Hysteroscopy and laparoscopy were performed on her under general anesthesia. Hysteroscopy showed normal cervical canal, uterine cavity, endometrium and tubal ostia. Laparoscopy showed normal uterus, ovaries, left fallopian tube, pelvic peritoneum and bowel. The right fallopian tube was replaced by a fibrous band 2-3 mm in diameter, extending from the right cornua to right lateral pelvic wall (figure 1). The patient made an uneventful recovery.

Figure 1. Laparoscopy findings: RUOL- right uteroovarian ligament, RFT – right fallopian tube (green arrows), RO – right ovary (white arrows).


The first case of an absence of a fallopian tube in the world literature was reported by Alexander in 1947.[1] However it was a case of unilateral mesonephric and paramesonephric duct agenesis. There are several reports of unilateral absence of ovary and fallopian tube. Absence of an entire fallopian tube alone is extremely uncommon. Absence of a part of a fallopian tube is more common than total absence.[2, 3] The uterus is the most common site of congenital malformations of the female genital tract.

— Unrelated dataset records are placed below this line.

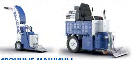
ОБДИРОЧНЫЕ МАШИНЫ ДЛЯ УДАЛЕНИЯ СТАРЫХ ПОЛОВЫХ ПОКРЫТИЙ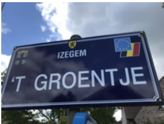
Afbeelding 30: 't Groentje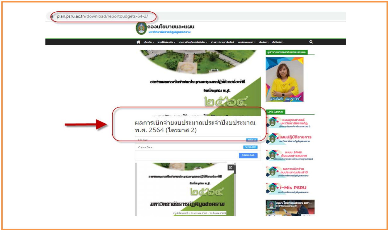
ภาพที่ 2 แสดงข้อมูลผลการเบิกจ่ายงบประมาณประจำปีงบประมาณ พ.ศ. 2564 (ไตรมาส 2)

The next common sites is the vagina. The fallopian tube alone is a rare site, though it can be absent in cases of unilateral mullerian agenesis, in which the uterus on the same side is also not developed (unicornuate uterus). Unilateral ovarian and fallopian tube agenesis is believed to occur in 1:11240 cases. [4] When both the ovary and fallopian tube are absent on one side, the most likely cause is torsion of the adnexal structures, the symptoms caused by which may or may not be remembered by the patient. The tube and ovary undergo ischemic necrosis and get resorbed. Less commonly it is due to a congenital malformation. [5, 6, 7] The presence of ovarian and tubal remnants in the peritoneal cavity in such a case supports the theory of torsion being responsible for such cases.[8] Congenital malformations of the fallopian tub include accessory ostia, duplication of the entire tube, diverticulum formation and partial or complete absence of the fallopian tube.[9, 10]

Usually the condition is diagnosed incidentally during a laparoscopy or laparotomy which is being done for an unrelated condition. Pednekar and Parulekar reported unilateral absence of midportion of the left fallopian tube at the time of a cesarean section in a multiparous patient.[2] Partial absence of the tube was reported in 18 cases by Nawroth et al.[11] Total absence of a fallopian tube is even rarer. Paternoster et al reported two such cases. [12] Paterson and Chan reported a curious case with absence of proximal part of the left fallopian tube and separation of the distal end into 3 parts. [13]
The case presented here was extremely unusual in that there was a fibrotic atresia of the entire fallopian tube. Such an occurrence has not been described in the literature. It was asymptomatic and was diagnosed coincidentally. Since the woman had both ovaries and a normal other fallopian tube, her reproductive potential was not affected by the condition. It is reported only for the sake of making the medical community aware of such a condition. It has no treatment.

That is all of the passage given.